**AIM OF THE TASK**:
The result should be an exact copy of the data, free of pictures.

**DATA EXCERPT**:

BEGIN

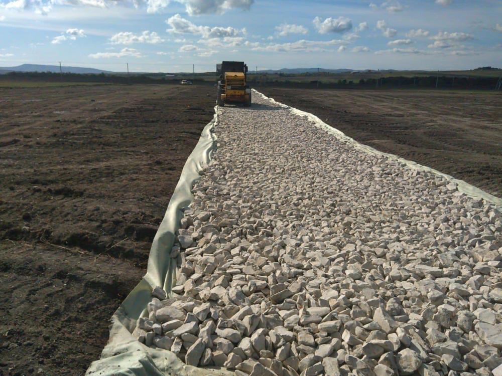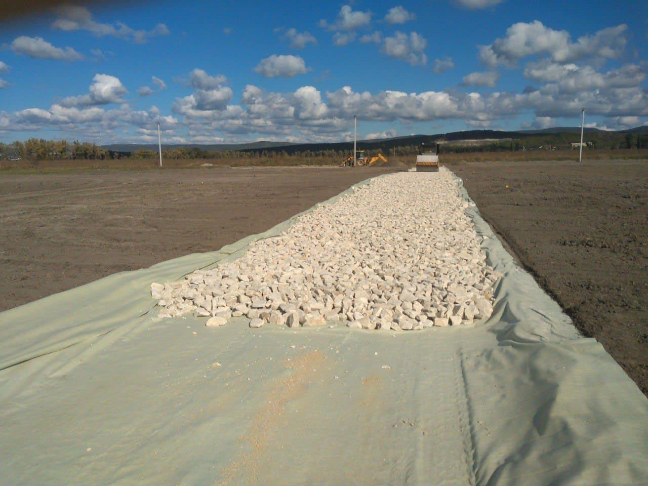 Покрытие внутренней дороги - щебёночное.
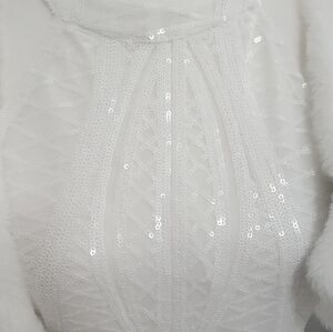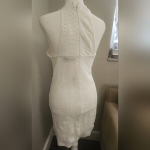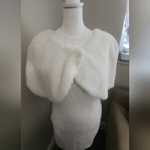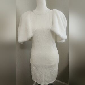 Perfect for your Bachelorette party that requires sequins! NWT halter sequined white dress with a faux fur stole to keep your warm. Stole is lined.
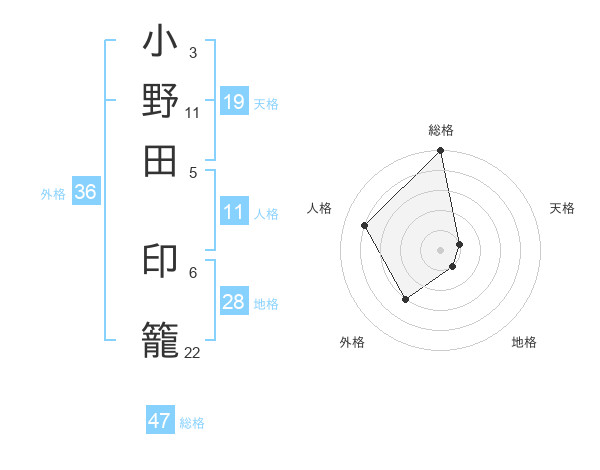 小野田 印籠さんを姓名の画数から五運を鑑定

END

**EXPECTED OUTPUT**:
 Покрытие внутренней дороги - щебёночное.
 Perfect for your Bachelorette party that requires sequins! NWT halter sequined white dress with a faux fur stole to keep your warm. Stole is lined.
 小野田 印籠さんを姓名の画数から五運を鑑定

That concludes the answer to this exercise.